■ Work required
Although the entries contain pictures, repeat only their words, exactly as written.

Extracted data entries:
--- --- ---
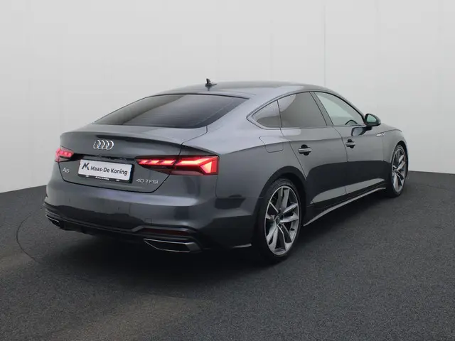 Bij Maas-De Koning doen we er alles aan om uw rijervaring zo aangenaam en zorgeloos mogelijk te maken. Bij de aanschaf van een dealeroccasion heeft u de vrijheid om te kiezen welk afleverpakket het beste aansluit bij uw wensen. Wij bieden twee pakketten: het Standaard pakket (inbegrepen) en het Approved pakket (tegen een meerprijs). Met het Approved pakket kiest u voor extra zekerheid, zoals minimaal 12 maanden garantie en een onderhoudsvrije periode van 6 maanden of 7.500 km na aflevering. Zo geniet u van maximale gemoedsrust. U bepaalt zelf welke zekerheid en service u nodig heeft, terwijl wij ervoor zorgen dat uw voertuig technisch volledig wordt klaargemaakt volgens uw voorkeuren.Een auto is meer dan een vervoermiddel. De juiste auto kan uw leven verrijken, door zijn comfort, zijn smaakvolle vormgeving en door de rijervaring die hij biedt. Dat geldt bijvoorbeeld voor deze Audi A5 Sportback, die uitblinkt door zijn design maar vooral ook om zijn rijkwaliteiten. Een hoogtepunt uit de specificatielijst van deze auto is de sportieve S-Line styling. In deze auto vindt u een benzinemotor en een automatische transmissie. De leren bekleding straalt klasse en goede smaak uit. Deze Audi A5 Sportback heeft verwarmbare voorstoelen, voor zowel bestuurder als bijrijder. In deze sportstoelen voel je je één met je auto. Een praktische extra is de elektrisch bedienbare achterklep die opent en sluit met een druk op de knop. De verlichting van de koplampen geeft het gevoel dat het altijd dag is. De slimme matrix LED-technologie past zich aan bij tegenliggers, zonder verlies van lichtkwaliteit. Ook 19 inch lichtmetalen velgen, sportonderstel, adaptief dempingsysteem, warmtewerend glas, in delen neerklapbare achterbank en LED-achterlichten zijn aan boord.
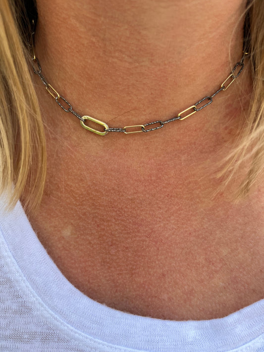 Sparkle Sterling and Gold Vermeil Paperclip Necklace
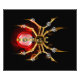 Araña mecánica steampunk con engranajes de oro, latón y una lámpara de vidrio roja sobre un fondo negro. Estilo steampunk.
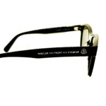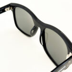 重厚感のあるスクエアシェイプとブラックフレームが、シンプルながらも存在感を放つデザインです。テンプルには両ブランドのロゴがさりげなく配置され、コラボならではの特別感が演出されています。
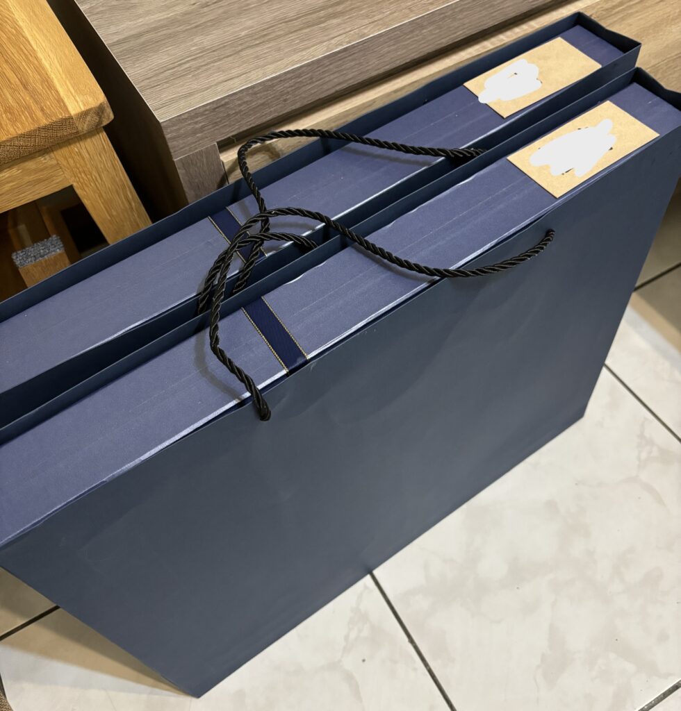 當天證婚的謝親恩環節應該好好拿出來給所有人展示一下的!可惜就用禮物袋包住了。禮物盒子和紙袋我找超級久,蝦皮基本上沒有,後來是翻遍淘寶,才找到合適用來裝禮物的袋子,因為很少有裝畫的盒子,又扁又大的,基本上很少。但我還是找到啦~完全吻合的剛剛好。
--- --- ---
■ Problem solution
 Bij Maas-De Koning doen we er alles aan om uw rijervaring zo aangenaam en zorgeloos mogelijk te maken. Bij de aanschaf van een dealeroccasion heeft u de vrijheid om te kiezen welk afleverpakket het beste aansluit bij uw wensen. Wij bieden twee pakketten: het Standaard pakket (inbegrepen) en het Approved pakket (tegen een meerprijs). Met het Approved pakket kiest u voor extra zekerheid, zoals minimaal 12 maanden garantie en een onderhoudsvrije periode van 6 maanden of 7.500 km na aflevering. Zo geniet u van maximale gemoedsrust. U bepaalt zelf welke zekerheid en service u nodig heeft, terwijl wij ervoor zorgen dat uw voertuig technisch volledig wordt klaargemaakt volgens uw voorkeuren.Een auto is meer dan een vervoermiddel. De juiste auto kan uw leven verrijken, door zijn comfort, zijn smaakvolle vormgeving en door de rijervaring die hij biedt. Dat geldt bijvoorbeeld voor deze Audi A5 Sportback, die uitblinkt door zijn design maar vooral ook om zijn rijkwaliteiten. Een hoogtepunt uit de specificatielijst van deze auto is de sportieve S-Line styling. In deze auto vindt u een benzinemotor en een automatische transmissie. De leren bekleding straalt klasse en goede smaak uit. Deze Audi A5 Sportback heeft verwarmbare voorstoelen, voor zowel bestuurder als bijrijder. In deze sportstoelen voel je je één met je auto. Een praktische extra is de elektrisch bedienbare achterklep die opent en sluit met een druk op de knop. De verlichting van de koplampen geeft het gevoel dat het altijd dag is. De slimme matrix LED-technologie past zich aan bij tegenliggers, zonder verlies van lichtkwaliteit. Ook 19 inch lichtmetalen velgen, sportonderstel, adaptief dempingsysteem, warmtewerend glas, in delen neerklapbare achterbank en LED-achterlichten zijn aan boord.
 Sparkle Sterling and Gold Vermeil Paperclip Necklace
 Araña mecánica steampunk con engranajes de oro, latón y una lámpara de vidrio roja sobre un fondo negro. Estilo steampunk.
 重厚感のあるスクエアシェイプとブラックフレームが、シンプルながらも存在感を放つデザインです。テンプルには両ブランドのロゴがさりげなく配置され、コラボならではの特別感が演出されています。
 當天證婚的謝親恩環節應該好好拿出來給所有人展示一下的!可惜就用禮物袋包住了。禮物盒子和紙袋我找超級久,蝦皮基本上沒有,後來是翻遍淘寶,才找到合適用來裝禮物的袋子,因為很少有裝畫的盒子,又扁又大的,基本上很少。但我還是找到啦~完全吻合的剛剛好。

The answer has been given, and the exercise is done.